Stop after the line with "Elegantný set dámskych". Up to that point, output every line of the listing below exactly from the first one onward, skipping pictures.

Material for this exercise –
● ● ● ● ●
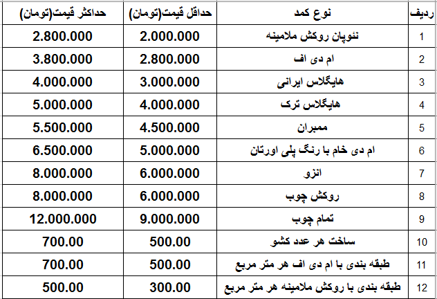 حدود قیمتها آشنا شوید، در جدول زیر این
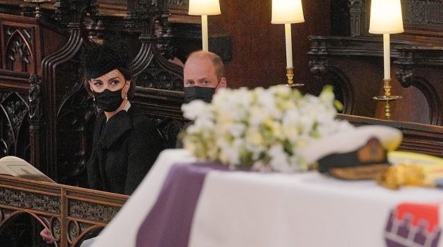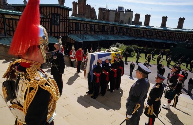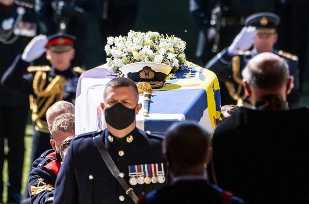 Prince Philip’s casket carried his naval cap, sword, and a wreath of flowers as pallbearers put him on to his self-designed green Land Rover Defender hearse.
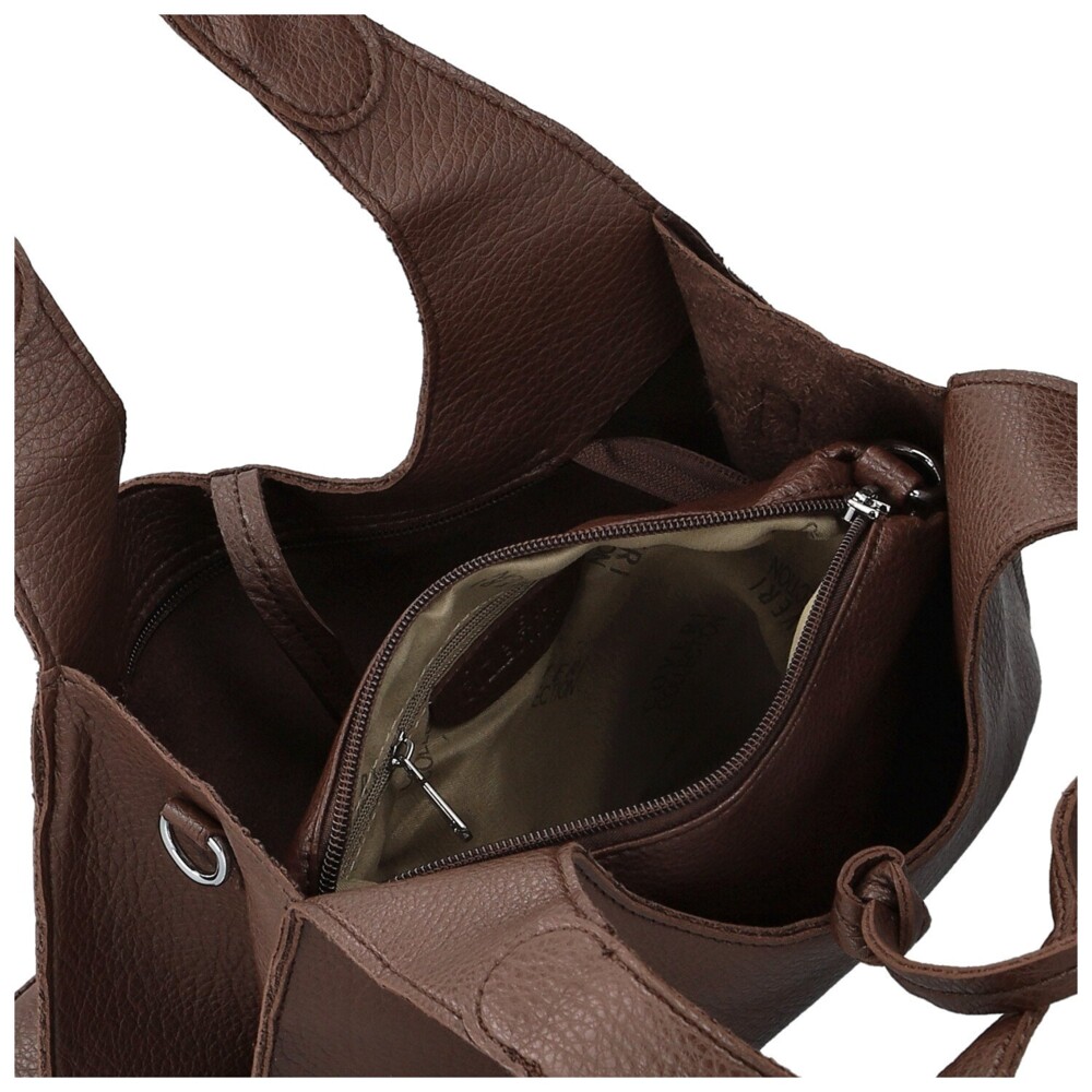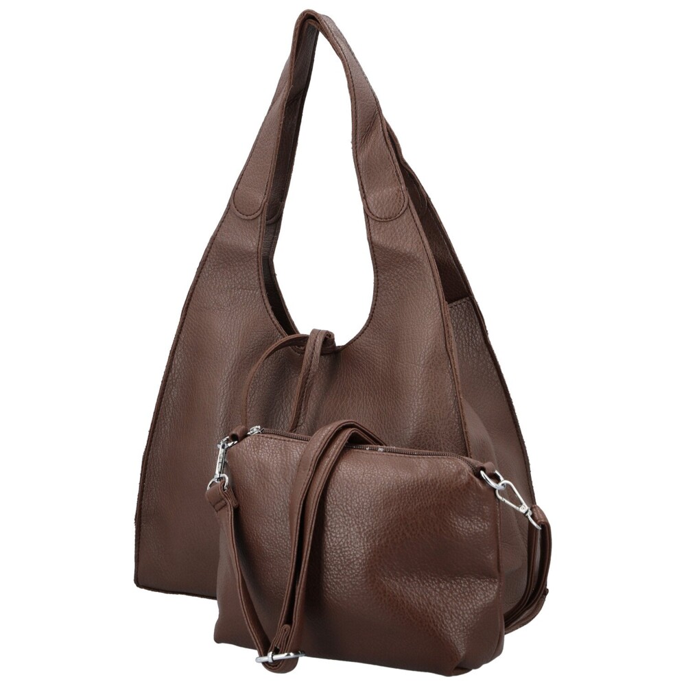 Elegantný set dámskych kabeliek z koženky ponúka štýl aj praktickosť v dokonale zladenej dvojici. Väčšia kabelka s originálnym trojuholníkovým strihom pôsobí moderne a žensky. Má pevné uši pre pohodlné nosenie na ramene a hlavné vrecko na zips, do ktorého sa zmestí všetko potrebné pre váš deň. Menšia kabelka v sete je skvelým organizérom do väčšej kabelky, ale vďaka dlhému nastaviteľnému popruhu ju môžete nosiť aj samostatne ako crossbody kabelku. Popruh sa dá odopnúť alebo pripnúť aj na väčšiu kabelku, takže s jedným setom získate hneď niekoľko štýlov nosenia. Celkový dojem podčiarkuje jemné strieborné kovanie, ktoré dodáva luxusný akcent. Praktický a elegantný doplnok, ktorý sa prispôsobí vám aj vášmu tempu. Objednajte ešte dnes a vyskúšajte, vrátiť ju môžete až do 30 dní!
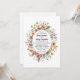 The flowers and foliage on this wedding invitation are arranged organically around and partly behind a central oval containing the text of the invitation. The hand painted florals, branches and greenery appear crowded and haphazard to produce a natural feel of a wild meadow in the mountains. The stunning variety of elements and colours produces a cheerful and chic look for this wedding invitation.
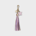 The Star Fringe Tassel brings a touch of celestial charm to a classic form. A small, two-dimensional leather star rests just above the cast metal cap, its asymmetrical placement adding visual rhythm to the sleek cascade of finely cut fringe below. The fringe moves with a soft, fluid grace, light and tactile, capturing subtle shifts of light with every sway. Finished with solid brass hardware offered in multiple plated finish options, this design pairs effortlessly with other LMC charms, adding layered texture and gentle motion to any arrangement.
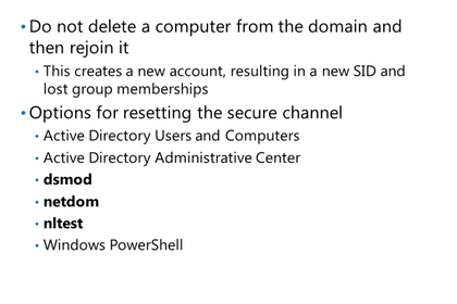 | Every member computer in an AD DS domain maintains a computer account with? What does it store? | a user name (SAMAccountName) and password computer stores its password in the form of a local security authority (LSA) secret, & changes its password with the domain approx every 30 days |
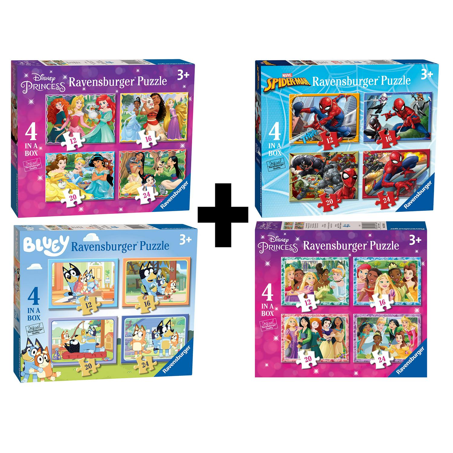 This Ravensburger assortment provides four engaging puzzles for growing minds, featuring piece counts of 12, 16, 20, and 24 pieces. These high-quality kids jigsaw puzzles are manufactured by the world's bestselling puzzle brand and are designed to support early child development through play. Each finished puzzle measures 19 x 14cm, offering an appropriate challenge for young puzzlers.
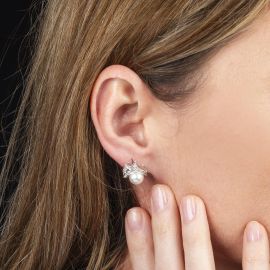 PEARL AND DIAMOND EARRINGS IN 18KT WHITE GOLD
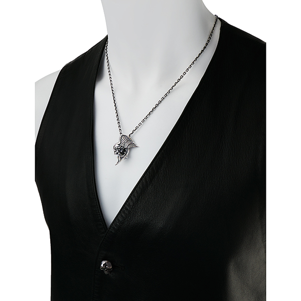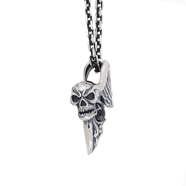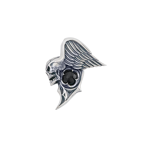 Like an angel of death, this winged skull serves as a reminder of the wistful realities of life. This jewel is set with a hand cut onyx cabochon.
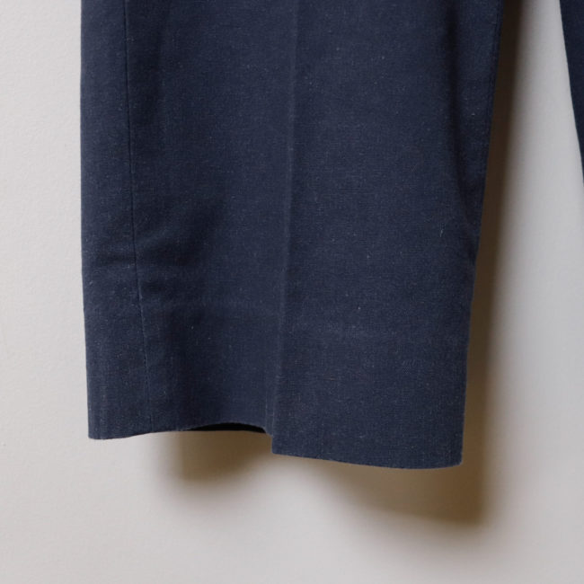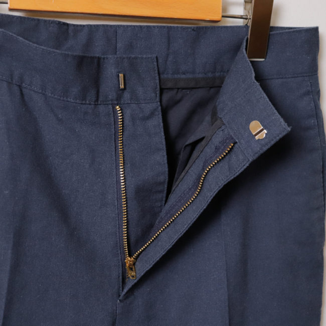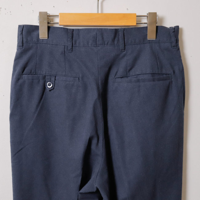 センタープレスが施され、腰回りはすっきりとしたノータック仕立て。
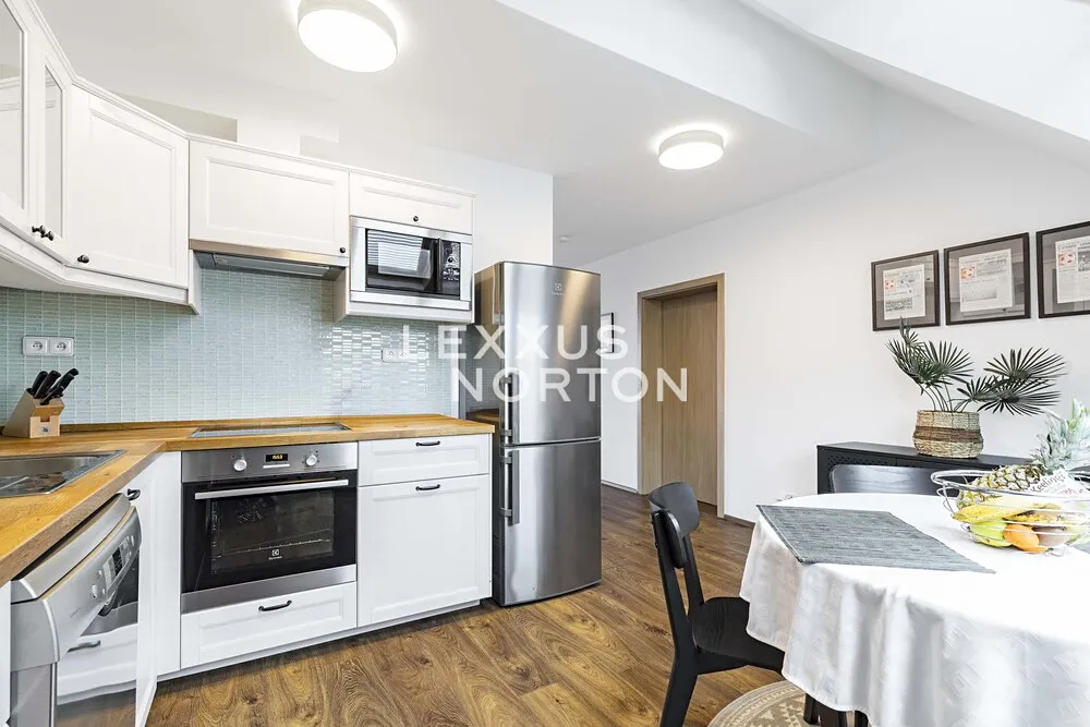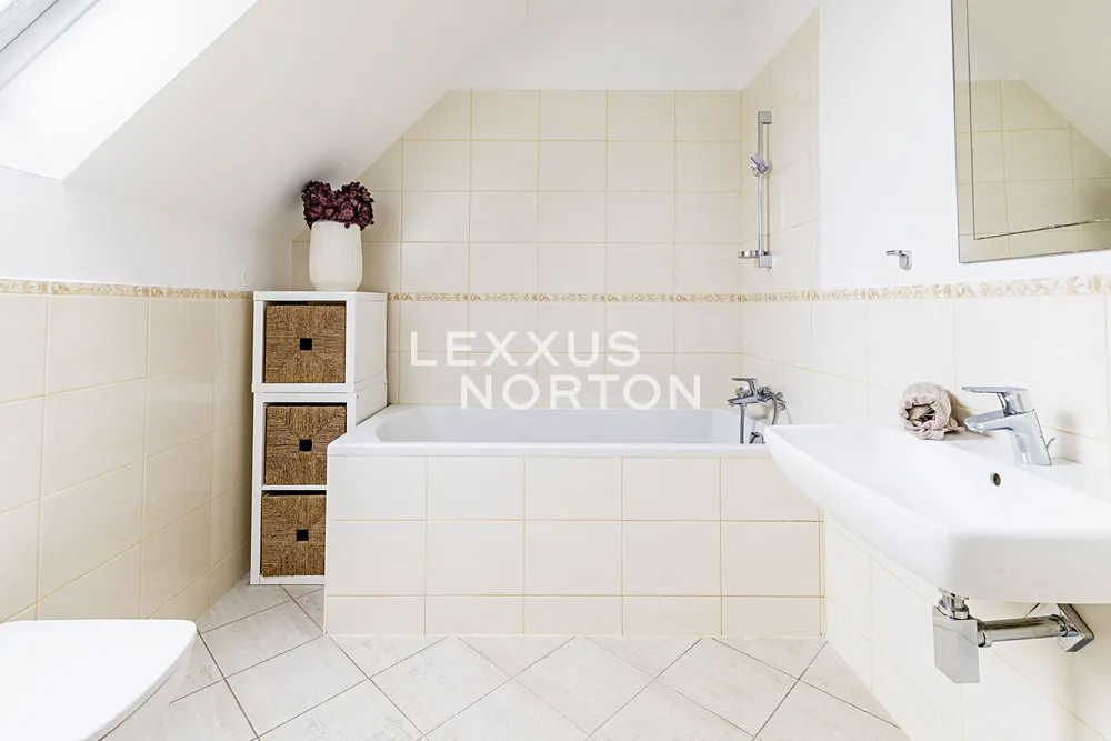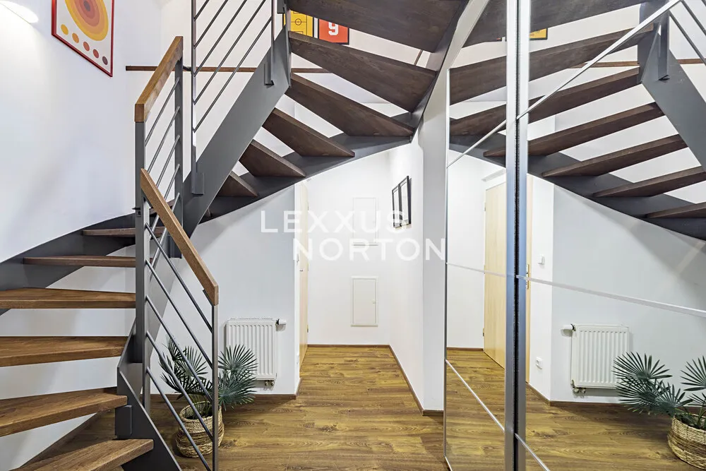 Spodní úroveň bytu tvoří otevřený obytný prostor s kuchyní a jídelním koutem, na který navazuje prostorově oddělený obývací pokoj se vstupem na terasu orientovanou západním směrem do klidného vnitrobloku. V této úrovni se dále nachází rodičovská ložnice, koupelna a vstupní hala. O patro výše je situována druhá ložnice s vlastní lodžií a výhledem do okolní zástavby, spolu s koupelnou s vanou. Díky této promyšlené dispozici nabízí byt nadstandardní míru soukromí a jasné oddělení denní a noční části. Byt je orientován na západní a východní stranu.
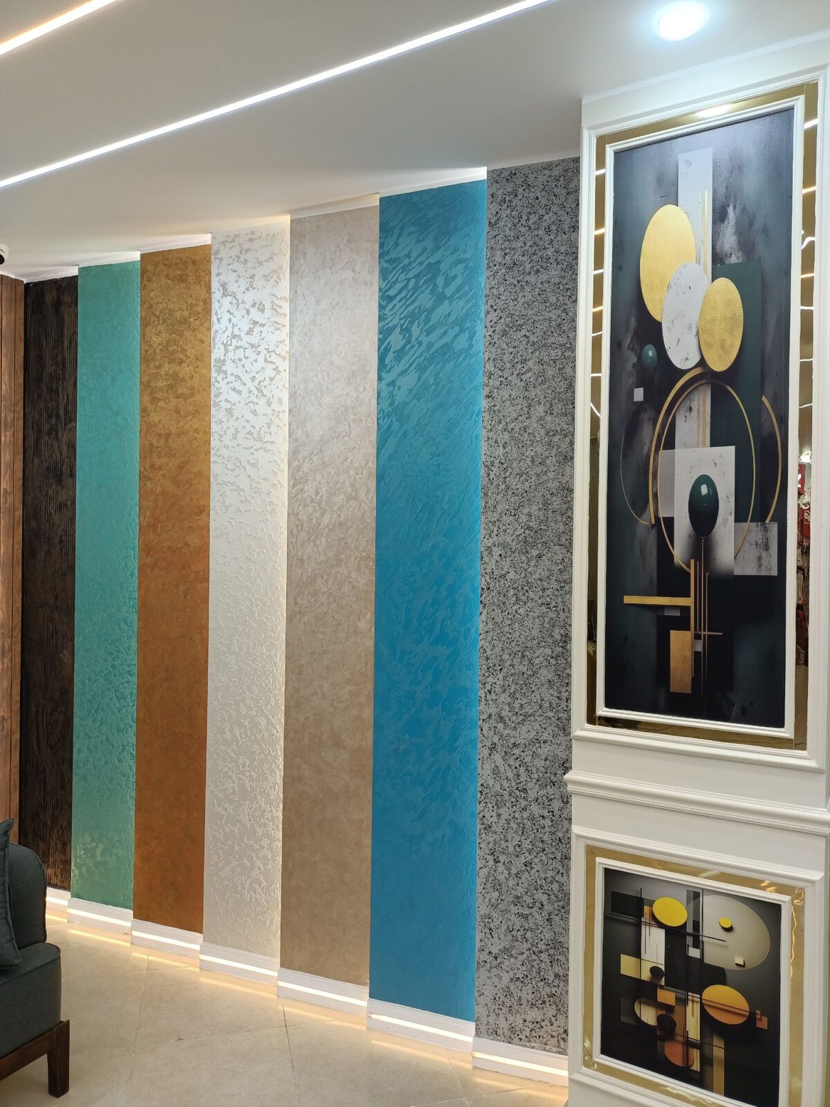 غير الدهانات العادية هتلاقي عندهم دهانات مبتكرة زي Metallic paints اللي بتدي لمعة معدنية ساحرة للحوائط و Pearl effect paints اللي بتخلق انعاكسات ناعمة مع الإضاءة و Textured paints اللي بتضيف بعد مجسَّم للحيطان من غير ما تحتاج تبني بلاطات أو رُخامات وده بيخلي التشطيبات مودرن وبسيطة في نفس الوقت
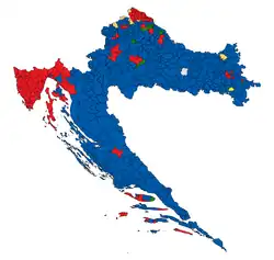 Results of the election based on the majority of votes in each municipality of Croatia
● ● ● ● ●
Answer to this exercise –
 حدود قیمتها آشنا شوید، در جدول زیر این
 Prince Philip’s casket carried his naval cap, sword, and a wreath of flowers as pallbearers put him on to his self-designed green Land Rover Defender hearse.
 Elegantný set dámskych kabeliek z koženky ponúka štýl aj praktickosť v dokonale zladenej dvojici. Väčšia kabelka s originálnym trojuholníkovým strihom pôsobí moderne a žensky. Má pevné uši pre pohodlné nosenie na ramene a hlavné vrecko na zips, do ktorého sa zmestí všetko potrebné pre váš deň. Menšia kabelka v sete je skvelým organizérom do väčšej kabelky, ale vďaka dlhému nastaviteľnému popruhu ju môžete nosiť aj samostatne ako crossbody kabelku. Popruh sa dá odopnúť alebo pripnúť aj na väčšiu kabelku, takže s jedným setom získate hneď niekoľko štýlov nosenia. Celkový dojem podčiarkuje jemné strieborné kovanie, ktoré dodáva luxusný akcent. Praktický a elegantný doplnok, ktorý sa prispôsobí vám aj vášmu tempu. Objednajte ešte dnes a vyskúšajte, vrátiť ju môžete až do 30 dní!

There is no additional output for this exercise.